__EXERCISE DATA__:

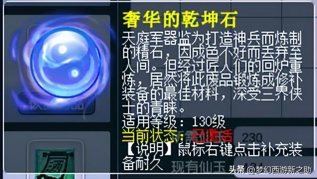 2、乾坤石修理装备。通过活动抽奖可以获得不少的乾坤石。可以恢复装备100点耐久度并且100%成功不会失败。
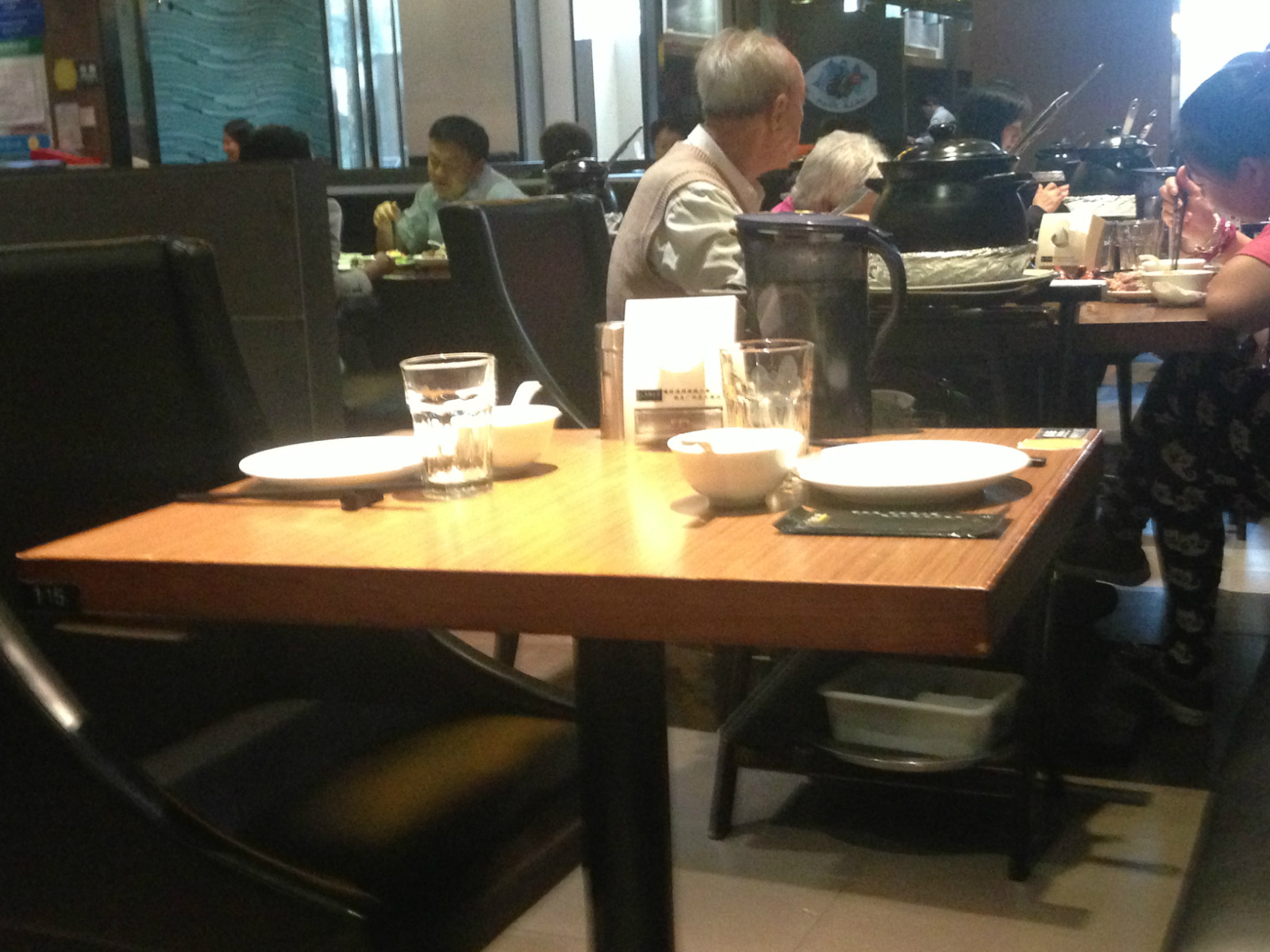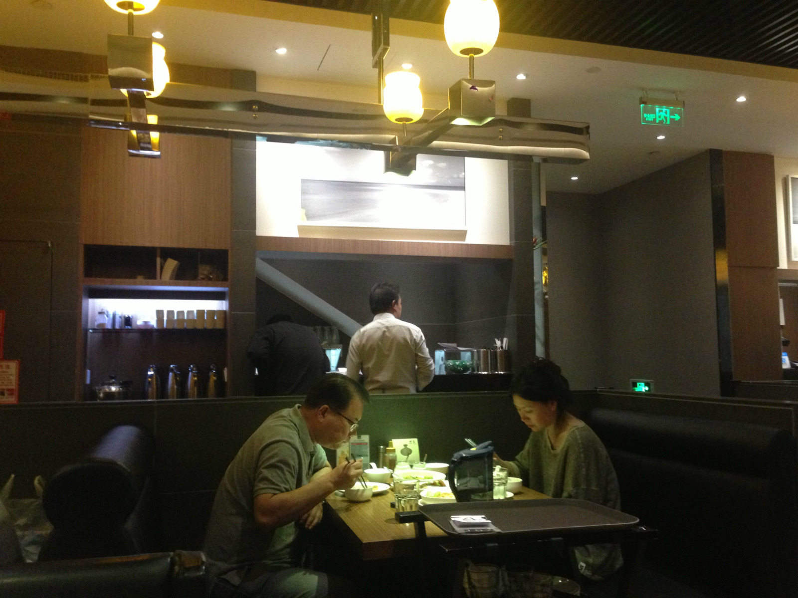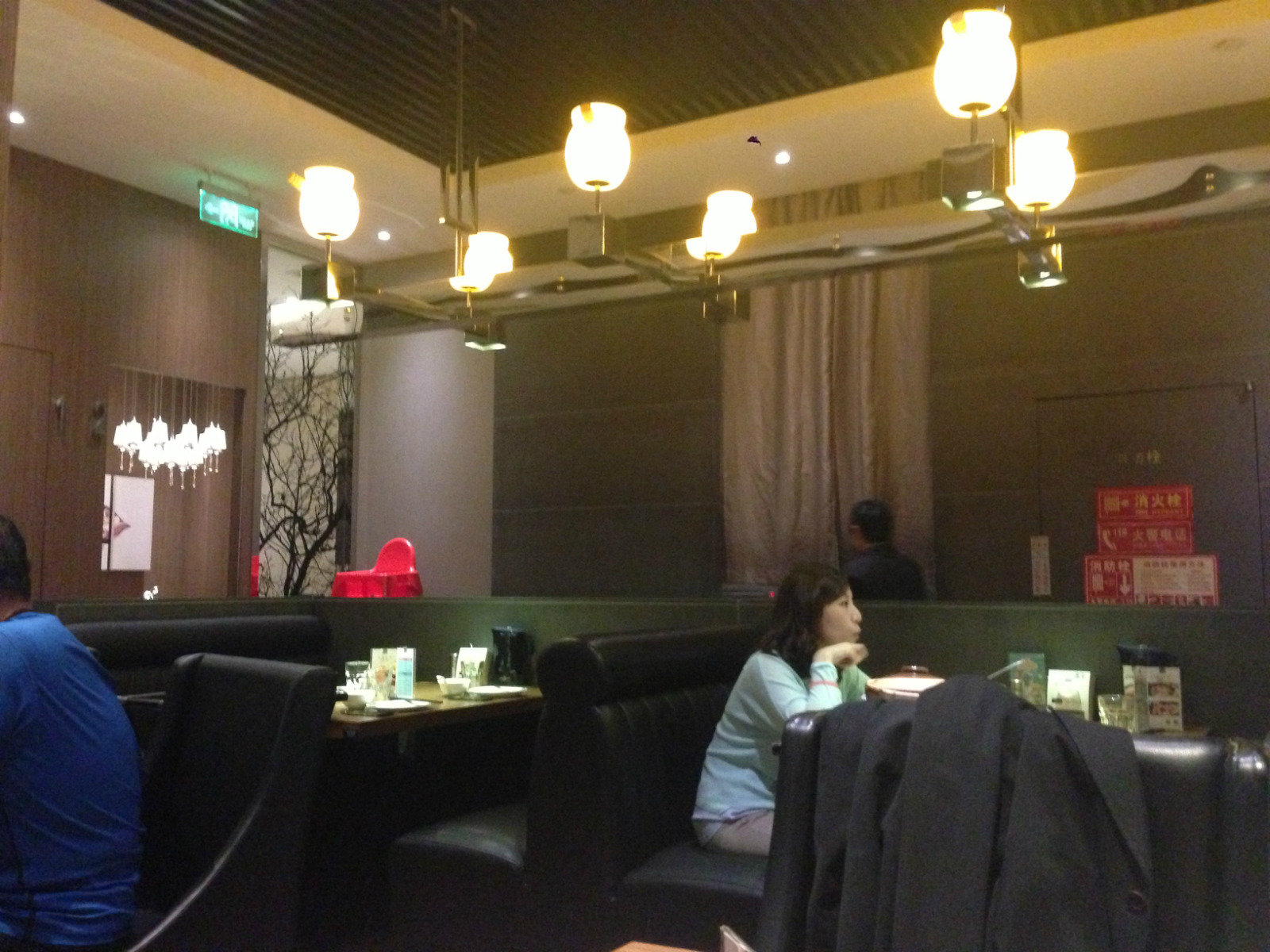 餐厅位于蓝色港湾室外美食城的一边,处于拐角处,靠近港湾商业区附近而且标志也很显眼,很容易就能够找到。餐厅一共有两层,外围还专门设置了户外餐桌,旁边有一张公共菜单,供客人们浏览选择;从前门进去有个回廊,之后就是大厅,里面摆满了各式餐桌;大厅内的整体环境略微显得低调素雅,虽然顶部有许多顶灯,但是可能采光不足,总体感觉这里还是略微有些阴暗的;大厅内的卫生做得很到位,不过位置的排列相对很拥挤,感觉不是很好。
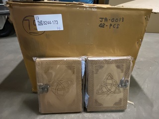Ca. 34x Handgemaakt leren notieboekje met eindeloze knoop, , 17,5 x 13 cm, nieuw, Deze authentieke notitieboekjes worden met de hand gemaakt in Jaipur, India. Ideaal om om bijvoorbeeld ideeën in op te schrijven of om te gebruiken als (dromen)dagboek. Het papier is gemaakt van 100% gerecycled katoen. Hierdoor wordt het dus niet geel na verloop van tijd. Het is milieubewust en duurzaam. Er komt geen boom aan te pas!,
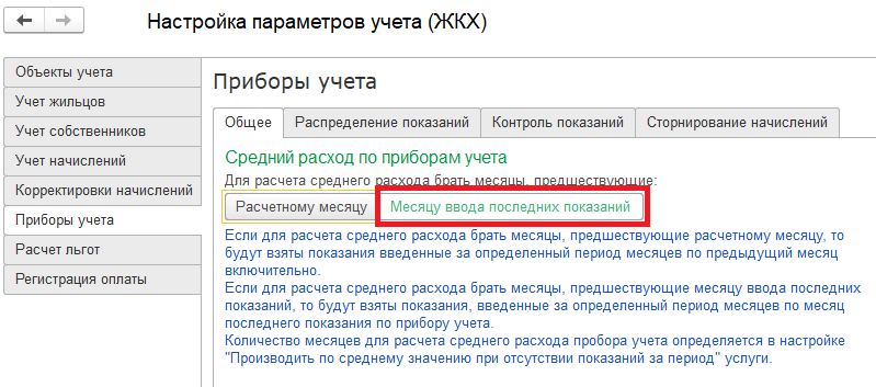 Добавлен новый вариант расчета среднего расхода прибора учета для начисления услуг по показаниям приборов учета – для расчета среднего расхода брать месяцы, предшествующие месяцу ввода последних показаний по прибору учета.
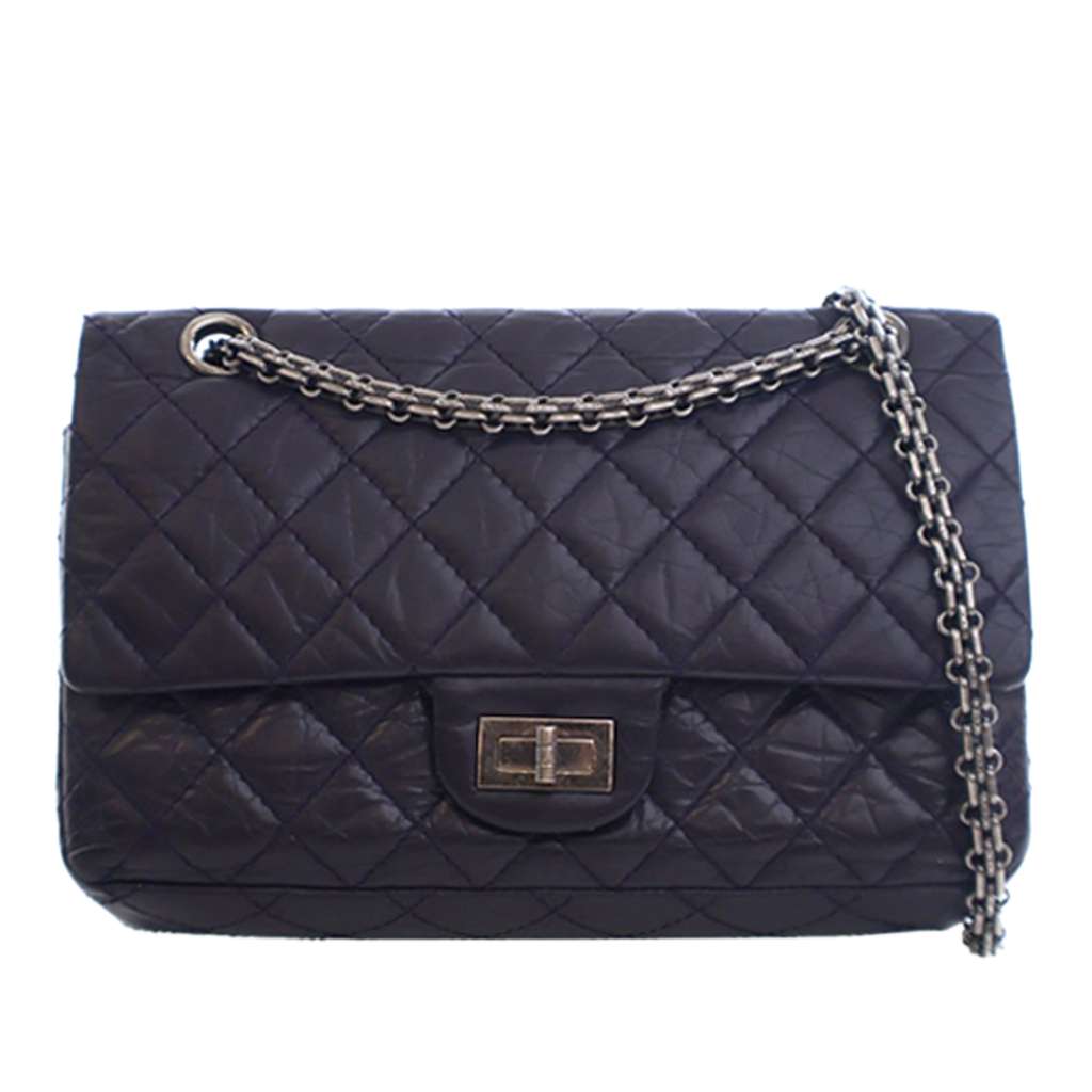 This shoulder bag features a quilted calfskin body, silver- tone chain link shoulder straps, double front flaps with twist-lock closure, an exterior back slip pocket, and interior zip and slip pockets.

__PROBLEM DESCRIPTION__:
Exact output of each line above is wanted, without the pictures.

__OUTPUT OF THE TASK__:
 2、乾坤石修理装备。通过活动抽奖可以获得不少的乾坤石。可以恢复装备100点耐久度并且100%成功不会失败。
 餐厅位于蓝色港湾室外美食城的一边,处于拐角处,靠近港湾商业区附近而且标志也很显眼,很容易就能够找到。餐厅一共有两层,外围还专门设置了户外餐桌,旁边有一张公共菜单,供客人们浏览选择;从前门进去有个回廊,之后就是大厅,里面摆满了各式餐桌;大厅内的整体环境略微显得低调素雅,虽然顶部有许多顶灯,但是可能采光不足,总体感觉这里还是略微有些阴暗的;大厅内的卫生做得很到位,不过位置的排列相对很拥挤,感觉不是很好。
Ca. 34x Handgemaakt leren notieboekje met eindeloze knoop, , 17,5 x 13 cm, nieuw, Deze authentieke notitieboekjes worden met de hand gemaakt in Jaipur, India. Ideaal om om bijvoorbeeld ideeën in op te schrijven of om te gebruiken als (dromen)dagboek. Het papier is gemaakt van 100% gerecycled katoen. Hierdoor wordt het dus niet geel na verloop van tijd. Het is milieubewust en duurzaam. Er komt geen boom aan te pas!,
 Добавлен новый вариант расчета среднего расхода прибора учета для начисления услуг по показаниям приборов учета – для расчета среднего расхода брать месяцы, предшествующие месяцу ввода последних показаний по прибору учета.
 This shoulder bag features a quilted calfskin body, silver- tone chain link shoulder straps, double front flaps with twist-lock closure, an exterior back slip pocket, and interior zip and slip pockets.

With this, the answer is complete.